On the other hand, IE 9 and 10 and Opera 12 seem to send a "Cache-Control:
no-cache" with no "Pragma" header on any reload (both F5 and Ctrl+F5). I
don't
know whether that's actually the reason, but it's certainly plausible that
Wikimedia's caching layer was only revalidating in response to "Pragma:
no-cache" and not "Cache-Control: no-cache".

Interesting. OTOH wget -S --header 'cache-control: no-cache' --header 'pragma: no-cache' 'http://en.wikipedia.org/wiki/Main_Page' has headers that still suggest a cache hit.

orangevolker wrote:

@Brian in comment #14:
No, I wasn't logged in, neither before. I just deleted the cache and startet Firefox again.
And yes, I agree with you. A conicidence seems to be unlikely, especially when we consider that this phenomenon already occured on at least 25th.

@Brad in comment #15:
Thanks for the lesson. I didn't know that and didn't think in this direction neither.

@all:
Would it be much effort to instruct the servers to deliver a cached version on first call and always purge their cache on subsequent calls, whichever method and whichever browser those subsequent calls may be generated?

Volker, the server don't know if you reloaded the page or it's the first time you visit it.

Perhaps those HIT mean that Varnish checked with the apaches and they returned that the page didn't change (and thus they could reuse the stored page) ?

Thanks for the long explanation Brad (I would have had to dig the behaviors). If Varnish is accepting Pragma: no-cahe but not Cache-Control: no-cache they should be fixed: «HTTP/1.1 caches SHOULD treat "Pragma: no-cache" as if the client had sent "Cache-Control: no-cache".»

If that were the case, I would expect that doing hard refresh on firefox of a specific thumbnail, during one of the varnish cache issues would result in the correct thumb being returned, which doesn't happen.

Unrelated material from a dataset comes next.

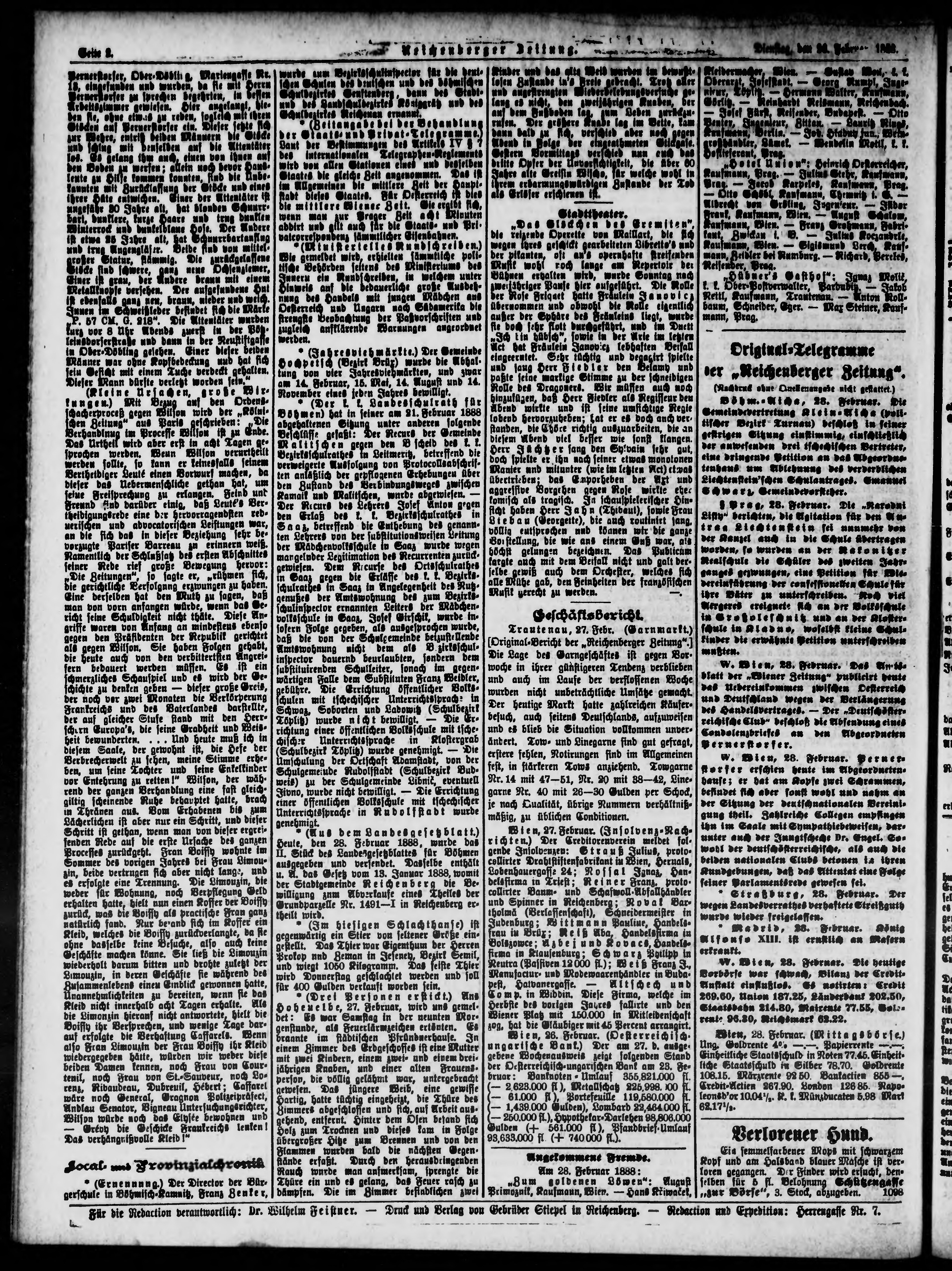 * Datum vydání výtisku: 29.2.1888 Číslo výtisku: 49

Bawolff? For refreshing thumbnails you need to purge the image page.

(In reply to comment #19)

If that were the case, I would expect that doing hard refresh on firefox of a
specific thumbnail, during one of the varnish cache issues would result in
the
correct thumb being returned, which doesn't happen.

I believe thumbnails are handled differently, in that the underlying file at the requested size is created if it doesn't already exist and is then served for subsequent requests (possibly with more caching in front). Whereas there isn't any "underlying file" for articles, it's regenerated (although not necessarily reparsed) every time a request for it makes it past Varnish/Squid.

I could be mistaken though.

It is possible to install a monitoring for the htcp purge requests?
It take some days to be found and that means many readers gets old versons, that is bad.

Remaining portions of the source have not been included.